Vrbs

D’abord la ville.

D’abord la ville échappe.
D’abord la ville déborde.
Déborde la ville,
Déborde la ville au bord du monde.

D’abord la ville au bord de l’eau
D’abord la ville au bord du mont.
Déborde la ville,
Déborde la ville au bord du monde.

Pour se rendre à la Confluence, le voyageur a deux accès possibles : par l’eau ou par la terre. Par l’eau c’est-à-dire la rivière ; la terre, c’est-à-dire la montagne. L’une et l’autre possibilité offrent un visage singulier et également surprenant.
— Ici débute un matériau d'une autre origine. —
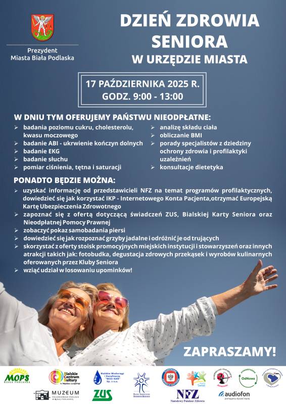 Prezydent Miasta Biała Podlaska Michał Litwiniuk zaprasza na Dzień Zdrowia Seniora, który odbędzie się 17 października 2025 roku w godzinach 9.00–13.00 w budynku Urzędu Miasta.

Pour se rendre à la Confluence, le voyageur peut également choisir l’une ou l’autre des deux rivières (la Bienne, le Tacon).

Pour se rendre à la Confluence, le voyageur peut également choisir l’une ou l’autre des deux montagnes (le Chabot, le Bayard).

La ville en somme n’est pas double comme le serait le couple original/copie ou réel/reflet, la ville n’est pas double, elle est “articulée”. Il y a la ville et la ville, une ville d’un côté, et la même ville d’un autre côté. L’avers et le revers.

Entre-deux monts, entre-deux eaux, la ville est double de cette manière : comme les deux faces d’une même pièce de monnaie, d’une même feuille d’arbre. Comme séparer les deux faces d’une même feuille ?

J’en ai connu des villes !

Des villes de toutes sortes, de toutes formes et tailles, des villes belles et mortes, des villes alanguies, des villes vulgaires et attachantes, des villes accoutumées, des villes violettes, des villes vertes, des villes émaciées, des villes violentées, des villes trahies, des villes rageuses, des villes honteuses, des villes sans relief, sans couleur et sans forme, des villes violées, des villes heureuses…

Je n’en ai pas vu beaucoup des villes, aussi. J’ai vu Rome et Londres, deux empires, et Moscou et New York City. Et des chefs-d’œuvre aussi, comme Catane ou Marseille. Et puis il y a Gênes…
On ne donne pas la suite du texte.